Chicago Bears running back Matt Forte said Wednesday that he's not looking to be the NFL's highest-paid running back, but is seeking a long-term contract commensurate with his standing among other players around the league at his position.
Ranked the 33rd-best player on NFL Network's "Top 100 Players of 2012," Forte was asked on the network's reaction show whether he felt disrespected by the franchise in his quest to land a new deal.
"All you can ask for is respect, and you go out there and you do your best to earn it. Respect isn't given to anybody," Forte said Wednesday. "You've got to earn it out there. So the way I go about playing the game, preparing for it and the way I play, I feel I have earned the respect.
"As far as being disrespected, I don't know. Maybe it's just the business side of the league. It's unfortunate that when the organization does treat it as a business (but) when a player does, he gets frowned upon. You have to do what's best for you and your family.
"All my teammates know I'm gonna be there for them, give my best out there and my heart out there on the field."
In 2011, Forte -- despite missing four games with a sprained MCL -- led a Bears rushing attack that surpassed the 2,000-yard rushing mark (2,015 yards) for just the second time in the past 21 seasons. Forte rushed for a team-high 997 yards and boosted the passing game with 52 receptions for 490 yards.
In doing so, Forte became the first player in NFL history to gain 1,000 yards or more from scrimmage in each of his first four seasons.
In addition, Forte joined Walter Payton, Neal Anderson and Gale Sayers as Bears players to produce four seasons of 1,000 yards or more from scrimmage.
"This is Matt's life," Bears linebacker Lance Briggs said Tuesday.
"He's come out here, and he's put his life and his mind and body on the field for all of us. He's given a lot of thrills to the city of Chicago, and everyone has seen what he's capable of doing and what he means to our team."
Forte sustained a season-ending sprained right medial collateral knee ligament in a Dec. 4 loss to the Kansas City Chiefs but said the recovery process has been relatively easy.
"I had a lot of down time going into the offseason. I pretty much was healed up before the Pro Bowl," Forte said. "So it's been a while since then. I've just been training with my regular trainers and getting prepared for the season coming up."
Among the running backs ranked on the NFL Network's top 100 players, Forte was No. 7 at his position. Forte believes the knee injury against the Chiefs might have lowered his standing.
"I love to compete, and I train hard and work hard so I can be considered amongst the top running backs," he said. "For six backs to be ahead, I don't know about that. I feel like maybe if I would have finished through the season, I may have been top 10 on the 100 players list. Unfortunately, that injury happened."

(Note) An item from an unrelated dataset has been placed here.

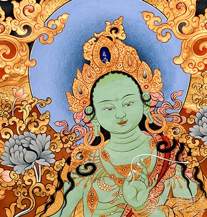 綠度母是二十一度母的總集,觀音菩薩的化身,她能救八種苦難,本尊心咒具足一切息增懷誅之功用,消除一切眾生的煩惱痛苦、滿足一切眾生愿求。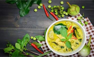 Pumpkin, Eggplant, Coconut, Basil, Yellow Curry Pasta, Bell Pepper

According to sources, the Bears -- looking to kick-start negotiations -- recently reached out to Forte, but the caveat to continuing talks is that the running back must sign the franchise tender the team extended in March. The NFL deadline for franchise-tagged players to sign multiyear extensions is July 16.
If the sides can't come to agreement on a new deal by the deadline, Forte must play under the franchise tag, which will pay approximately $7.7 million.
Forte scoffed at the presumption he'd like to become the NFL's highest-paid back.
"Definitely no," Forte said. "I just want to be given a contract where I rank among some of the top running backs; not the top paid or highest paid or anything like that. I just want to be recognized as one of the best."